Женщина жеманно засмеялась.
– Ах, как нехорошо притворяться! Не иначе как вспоминали какую-нибудь красотку и смеялись от удовольствия! Ах, какой вы обманщик!
«…Ластись, ластись, разыгрывай комедию, притворяйся… Не будь я Фудзисава, пожалуй, не захотела бы и посмотреть в мою сторону…» – думает граф, с усмешкой следя, как она опускается на колени у его изголовья. Это одна из многочисленных фавориток графа, счастливица по имени K°-Ито.
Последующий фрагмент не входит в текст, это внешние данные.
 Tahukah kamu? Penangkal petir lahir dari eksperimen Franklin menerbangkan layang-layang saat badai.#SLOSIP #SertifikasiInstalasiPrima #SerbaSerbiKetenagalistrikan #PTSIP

У графа Фудзисава имеется официальная резиденция, частная резиденция и особая резиденция; точно так же есть у него и несколько жен – официальная, неофициальная и еще особая.
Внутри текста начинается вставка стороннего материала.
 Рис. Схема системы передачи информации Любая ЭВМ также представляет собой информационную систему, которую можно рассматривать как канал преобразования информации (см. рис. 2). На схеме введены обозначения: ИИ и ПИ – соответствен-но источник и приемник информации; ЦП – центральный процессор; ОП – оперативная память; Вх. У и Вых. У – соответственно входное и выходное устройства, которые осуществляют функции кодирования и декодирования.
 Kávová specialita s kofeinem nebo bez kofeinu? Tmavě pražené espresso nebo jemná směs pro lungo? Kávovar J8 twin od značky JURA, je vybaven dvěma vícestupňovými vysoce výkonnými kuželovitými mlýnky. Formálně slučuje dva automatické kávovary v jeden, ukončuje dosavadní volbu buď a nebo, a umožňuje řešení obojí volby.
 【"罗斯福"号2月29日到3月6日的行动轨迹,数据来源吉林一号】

– Вставайте, уже девять часов!
– Кто-нибудь приплел?
– Да, тетенька из Иокогамы. Говорит, что если вы собираетесь заглянуть к ней, то она ненадолго съездит по делу в Симбаси и тотчас же вернется обратно…
– Ах вот как, О-Сути здесь? Кто еще?
– Кимати-сан принес письма и телеграммы с улицы Нагата. И только что приехал Судо-сан…
– А, Тадасу? Так, так… Ну, будем вставать! – он поднялся с постели, запахнул небрежно раскрытое на груди кимоно – женщина тем временем поправляла его узкий шелковый пояс – и отворил сёдзи: за решетчатыми перилами открылся отливающий серебром залив Синагава. Некоторое время граф стоял неподвижно, сощурив глаза, что-то тихонько напевая.
– Поздно же вы! – внезапно окликнул его чей-то громкий голос. Граф посмотрел вниз и встретился взглядом с человеком лет тридцати, стоявшим в саду возле клумбы с пионами.
– Надо же хоть в воскресенье поспать попозже, а иначе и захворать недолго! – засмеялся он в ответ. – Сейчас я спущусь, заходи!
Обладатель громкого голоса – секретарь графа Тадасу Судо, по слухам – единственный человек в современной Японии, который запросто обращается со своим могущественным патроном и пользуется его неограниченным расположением.

4

Не снимая ночного кимоно, граф спустился вниз, прополоскал рот, прошел в большой зал, сел, непринужденно скрестив ноги, и приступил к завтраку. Тихонько ворчали устрицы на сковородке. За столом прислуживала все та же Ко-Ито, державшая себя словно жена, ухаживающая за мужем.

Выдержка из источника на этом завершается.